There is no doubt fiber is the wave of the future, but it isn't going to replace the current copper infrastructure in urban areas like NYC for many years to come. IMO, fiber will only be run to replace copper as a last resort. It might be a cynical, but Verizon isn't going to run fiber (spend money) unless they are forced to do it.
When the storm hit, Verizon failed to activate their generators in the Long Beach NY central office. The result was the depressurizing of all the underground copper. After the storm, 96% of it had failed.
Verizon's answer to the problem is to make no effort to restore the copper customers. When you finally make contact with them, usually through the New York Public Service Commission, you are told they are abandoning all copper in Long Beach.
Then you are offered Fios at a higher rate. It's only after the intervention of the State PSC will you be offered your existing rate with fiber delivery.
So you can add Long Beach (General 1) to the list of CO's where copper has been abandoned.
No, the Long Beach CO flooded out on the first floor - so the backup generating plant was under water. Kind of hard to run a backup generator when it is flooded...
I thought their generators would be on the first floor. I suppose the batteries flooded too? What about the trailer mounted generator that was brought in before the flood?
Do you have some first hand knowledge about these events? It would be nice to know what really happened. This CO is almost 90 years old and never had a failure that was anything like this.
Guess I have to say goodbye to copper.
Considering this was the biggest storm surge the east coast has seen in almost 90 years that would be the reason, no?

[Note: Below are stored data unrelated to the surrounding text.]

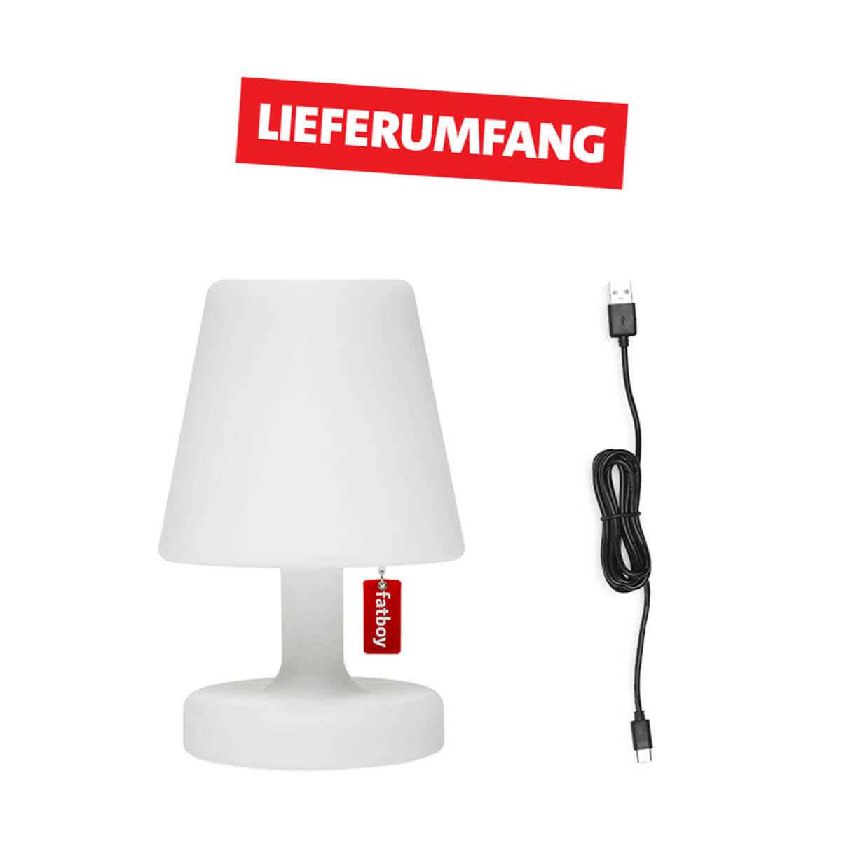 Die Edison the Petit ist eine tragbare Tischleuchte mit eingebautem Akku, die Ihnen volle Freiheit bei der Platzierung lässt. Laden Sie sie bequem per USB-C-Anschluss auf (passender Fatboy USB-Adapter 5V 1A und Ladekabel inklusive) und genießen Sie bis zu 24 Stunden kabelloses Licht – mobil, jederzeit einsatzbereit, drinnen wie draußen.
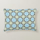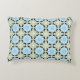 A decorative pillow featuring a symmetrical geometric pattern with blue, white, and brown hues shown from the front and back on a gray background.
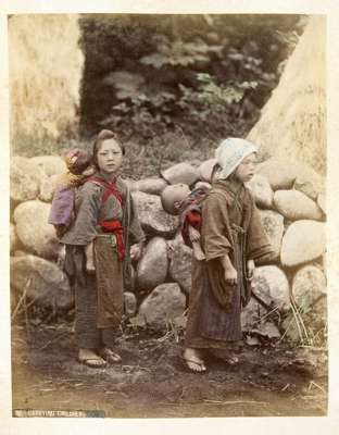 An album of 50 tinted photographs Yokohama, Tokyo, Nagasaki and others, circa 1880's, each landscape view approx 19.5 by 26cm, pasted onto both sides of leaves, laquered and inlaid boards depicting birds and insects, lacking morocco backstrip and some inlay lacking on upper board
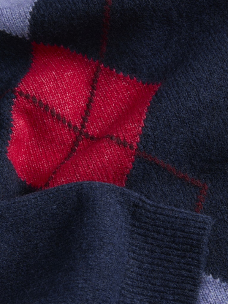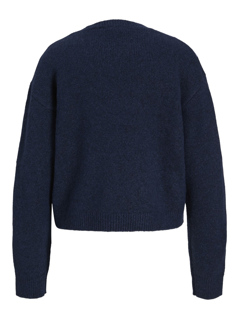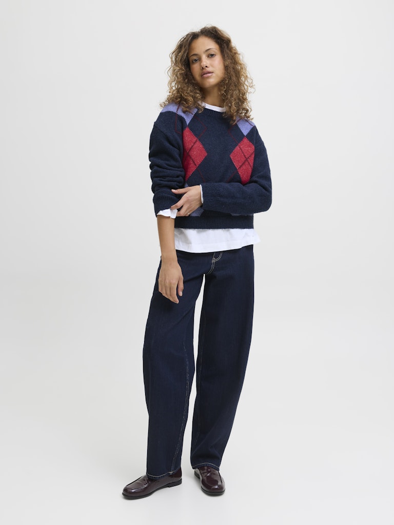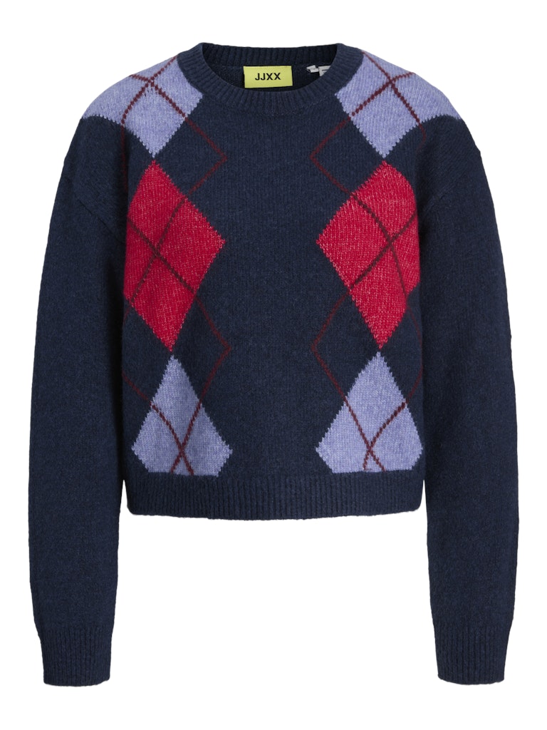 JJXX Knitted Crew Neck Argyle Jumper in Navy

It's not like they put backup generators on stilts (Maybe they should though in hurricane/tsunami prone areas. After all, even the backup generators for the Fukushima Nuclear reactors cooling systems even got flooded out the same way).

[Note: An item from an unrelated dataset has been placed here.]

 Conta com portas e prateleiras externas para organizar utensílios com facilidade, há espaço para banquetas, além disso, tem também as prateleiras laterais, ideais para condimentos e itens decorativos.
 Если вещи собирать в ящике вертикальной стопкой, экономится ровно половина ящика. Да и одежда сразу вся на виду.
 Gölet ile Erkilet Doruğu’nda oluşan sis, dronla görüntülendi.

Generators don't work underwater, and 15 feet covers 1st floor and trailer mounted. Electrical equipment doesn't work submerged in water, unless it's meant to of course.
The Long Beach Central Office got zero to six inches of water on parts of its first floor. Most of the place didn't get any. The place is up two steps and the street got less than a foot at that location. Certainly the trailer generator didn't get any water. I know every employee left the CO during the storm, which is quite unusual. Typical of morale issues these days. Does anyone have any real information, other than incorrect guesses about the water height?